Chapter 11 Marisa
MARISA
Roman’s question hangs in the air like a bell that refuses to stop ringing.
Whose babies are you hiding from us?
The hearth crackles, careful and steady.
Snow ticks at the windows like fingernails.
The lodge is too warm for my coat, too quiet for the storm outside, and my heart forgets how to beat in sequence.
Cruz has one of the babies tucked against his bare chest, skin to skin, a blanket folded like a small cloud around tiny shoulders.
The other lies on a warmed towel with Deacon’s large hand cupped at his rib cage, counting breaths with an engineer’s patience and a parishioner’s reverence.
I do not answer Roman right away.
I peel my damp gloves off finger by finger, slow so I do not drop the water bottle Deacon put in my hands.
My knuckles are sore and pink.
My hands still shake in short, silly bursts, the kind that make lids misbehave and buttons look like lies.
“Small sips,” Deacon says, low.
He has a blueprint voice even when he is trying to be kind. He slides another blanket over my shoulders with the efficiency of someone who has wrapped storm survivors and engines alike.
The note on the chalkboard reads loosens something in my chest.
Cruz meets my eyes over the baby’s downy head. “Hey,” he says softly, as if greeting me and not the panic. “You breathe. They breathe. We take turns.”
I sip. Cold water tastes like something I did not know I missed. My throat works. The room waits.
Roman stays where he is, the hearth painting one cheek in amber and leaving the other in shadow.
He does not move closer.
He does not look away.
His mouth is a line that would feel cruel if I did not know how he steadies entire rooms with silence.
The club’s rules are carved above the door.
No lies. No abandonment. No violence toward women or children.
My gaze flicks there and back to him. I am a rule breaker sitting under scripture, but I am not apologizing yet.
Gabe—the louder twin, a natural performer—squeaks a complaint.
Cruz shifts, murmurs nonsense in a voice warm as cinnamon, and the squeak becomes a sigh.
Luca refuses to be outdone and shoves his fist into his mouth like a man with a plan.
When he pulls it free there is a string of spit across his chin. I cannot watch that and feel sorry for myself.
“Come here,” I say, standing before I decide not to, blanket slipping off one shoulder.
I reach for Luca and Deacon transfers him to me with a care that says thank you without saying it.
His skin is warm from the vented air, his eyebrows knit like he is thinking about mortgage rates.
I tuck him into the crook of my elbow, feel the weight land in a place under my ribs I thought was cracked, and wipe that string from his chin with the corner of the blanket.

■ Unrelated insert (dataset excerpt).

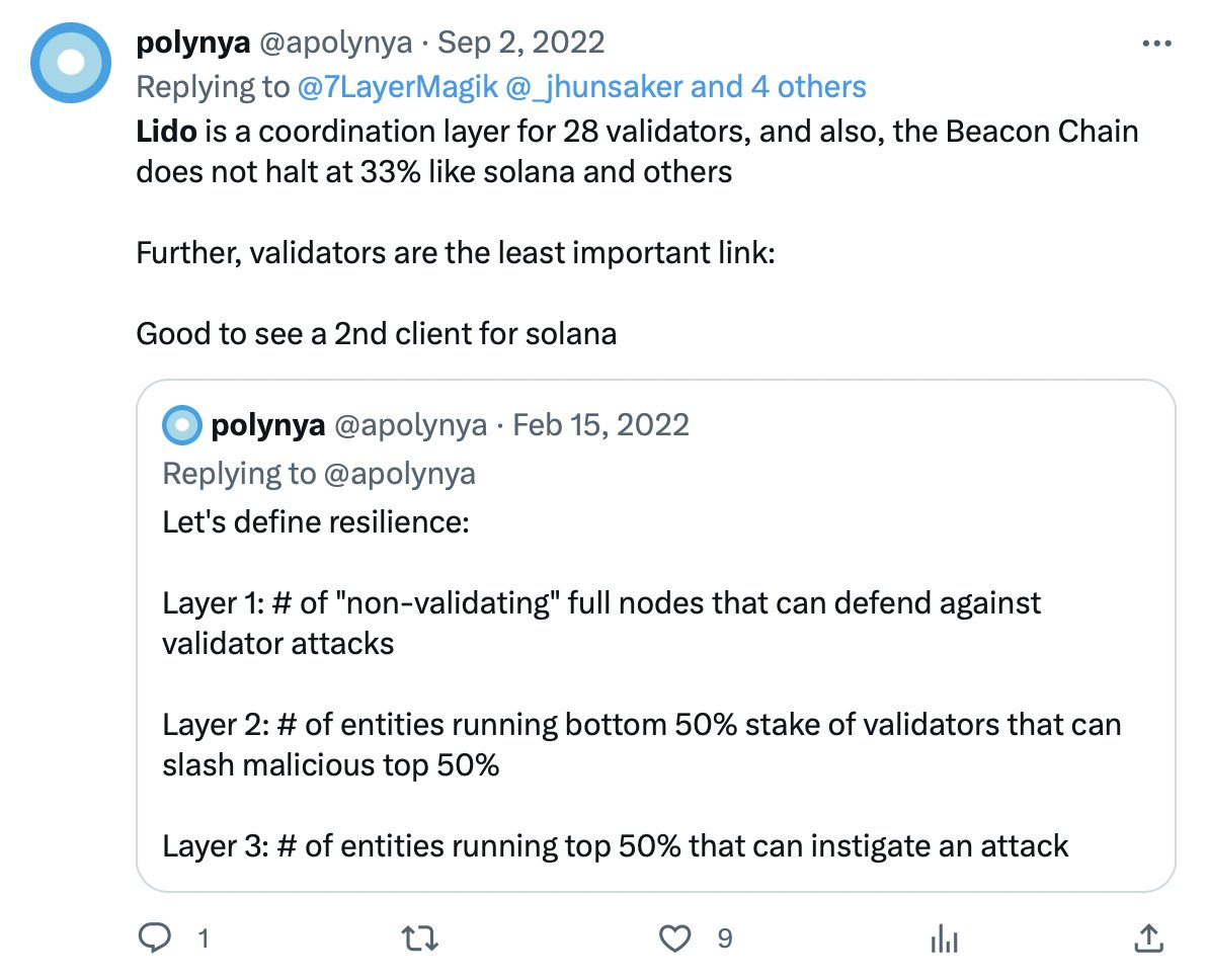 在我看来,Lido 无上限的主导地位最现实的最坏情况,并非网络中断,而是在企业和政府之间树立起一种声誉,认为以太坊是「被控制」或「相对于其他链条,其实并没有那么去中心化」。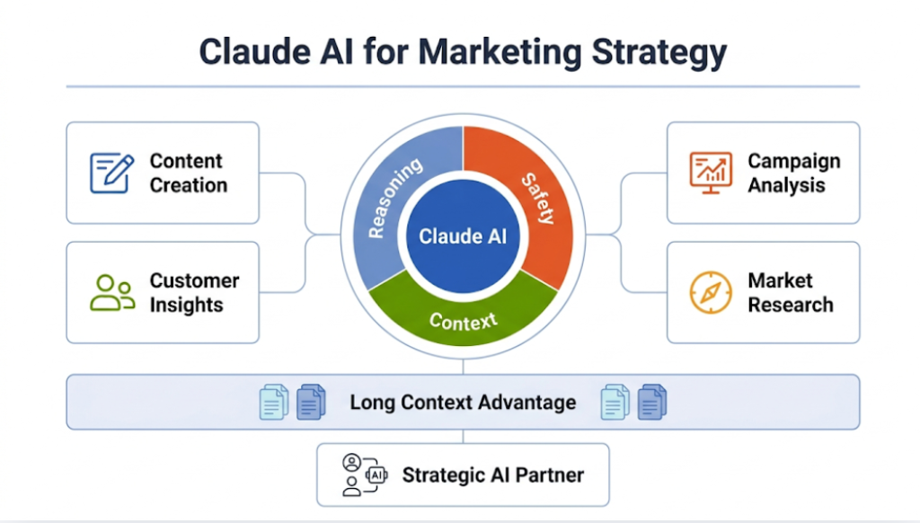 Claude plays its most valuable role when marketers need to synthesize complex information and translate insights into structured messaging.

“There you are,” I tell him, because babies deserve to know when they have arrived. “Do not make that face at the men. It is disarming.”
A small sound that is almost a laugh moves through the room. Not from Roman.
From Cruz, because he finds joy even when he is mad at the world on my behalf, and from Deacon, whose mouth softens one degree when something is constructed well.
Roman’s eyes do a thing where they go darker and softer at the same time, which makes my breath snag, which makes me mad at myself, which makes me want to be funny.
“I did not hide them,” I say, to the room, to him, to the carved words above the door.
My voice comes out steady because if there is one talent I own besides sugar, it is performing triage with a smile. “I kept them safe while I figured out how to be brave.”
Roman does not nod.
He lets the sentence stand like a chair pulled out and waiting.
“Start with what you know,” he says. “Then tell us what you think. Leave what you fear until the end.”
Deacon’s eyebrows tip: approval for a structure with load-bearing order.
Cruz dips his head like he is saying grace.
I breathe once, twice, three times, and let truth line up.
“What I know,” I begin, rocking Luca without meaning to, the motion setting my voice to a rhythm I can keep. “I left the morning after that night because I was terrified. Not of you. Not of the way you touched me. Of wanting, in a way that made my bones feel like wet paper.” I swallow.
Roman’s jaw tightens.
I continue, “If I had stayed, I would have had to admit that what happened was not a mistake or an accident or a storm trick. I would have had to tell you and myself that I wanted all of it. All of you. Not for one night. For longer than anyone in my family has ever forgiven.”
I do not look at the carved rules.
I do not look at Roman’s mouth.
I look at Cruz, because he looks at me like a man who has seen worse things become better.
He hums to Gabe and nods for me to keep going.
“I found out I was pregnant weeks later,” I say.
“I threw up on the subway and blamed a bad egg sandwich until I could not pretend to be that naive. I bought a test at a pharmacy where the lights are too bright. I watched a plus sign arrive like an orchestra. I sat on the curb outside with a stranger’s cigarette smoke in my hair and cried because I felt so stupidly, stupidly happy and so stupidly, stupidly afraid. ”
Luca screws up his face, then relaxes when I run a finger along his eyebrow.
He has a tiny, pointless cowlick.
I love him so much I have to laugh or I will open my own chest and hand them my heart like a pie.
“I kept telling myself I would call,” I say.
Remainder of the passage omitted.